My guess. As far as the optimiser's concerned, the query returns too many rows for a seek/bookmark lookup to be optimal, and the index is not covering. Hence it uses a scan instead.
Do you have a clustered index on that table? If so, what's it on and how fragmented is it?
Do you need all the columns returned (select *) or just some of them?
Gail Shaw
Microsoft Certified Master: SQL Server, MVP, M.Sc (Comp Sci)
SQL In The Wild: Discussions on DB performance with occasional diversions into recoverability
May 5, 2008 at 1:27 pm
Hello,
We currently don't have clustered index in this table. The table (36 million rows)is truncate on a weekly basis and then repopulated. All indexes are rebuild afterward. I am not sure about the fragmentation.
The select * is to move data between database when needed by our end-users.
I know this might be not the best process, but we need to live with that for now. I will be reviewing that in a few months... Meanwhile, I need to figure a way to speed-up the query.
This mean that the optimizer is not that bright :w00t:? I am coming from a Sybase & Oracle background, and this king of manipulation was taking always the indexes (without adding a hint).
Thanks
May 5, 2008 at 2:20 pm
The optimiser's very good usually.
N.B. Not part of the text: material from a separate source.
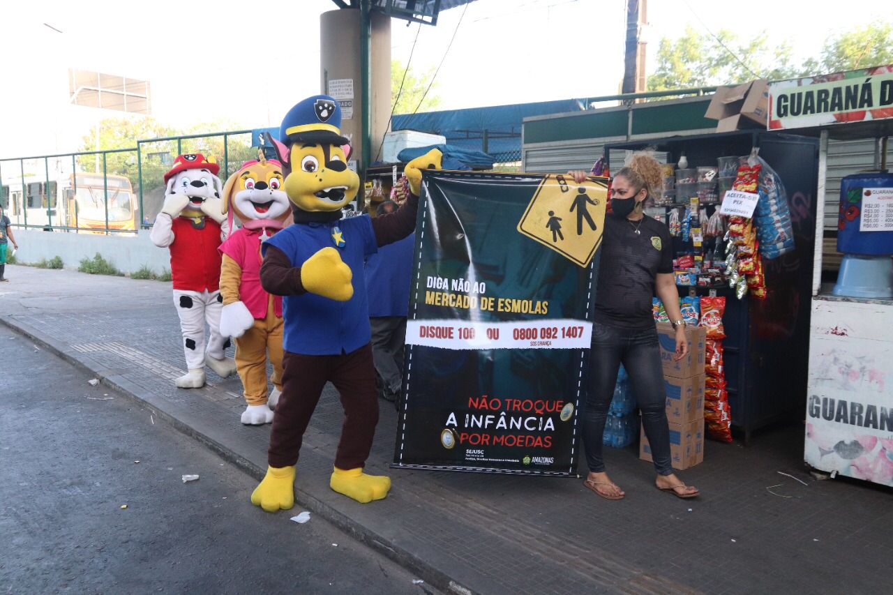 Para intensificar e conscientizar a população sobre a mendicância infantojuvenil, a Secretaria de Justiça, Direitos Humanos e Cidadania (Sejusc), por meio da Secretaria Executiva de Direitos da Criança e Adolescente (Sedca), continua com a campanha “Não troque a infância por moedas” nos shoppings e terminais de integração de Manaus.

This is just an edge case where its estimate is wrong. Possibly because the table's a heap, not a cluster.
If you don't have a clustered index, and this particular query runs often, perhaps make this index clustered and see how that works.
What other indexes are there? What other queries run?
Gail Shaw
Microsoft Certified Master: SQL Server, MVP, M.Sc (Comp Sci)
SQL In The Wild: Discussions on DB performance with occasional diversions into recoverability
May 5, 2008 at 2:21 pm
Did you try to update your statistics, which is used in estmated execution plans?
May 5, 2008 at 2:38 pm
Isn't there a primary key / unique key missing ?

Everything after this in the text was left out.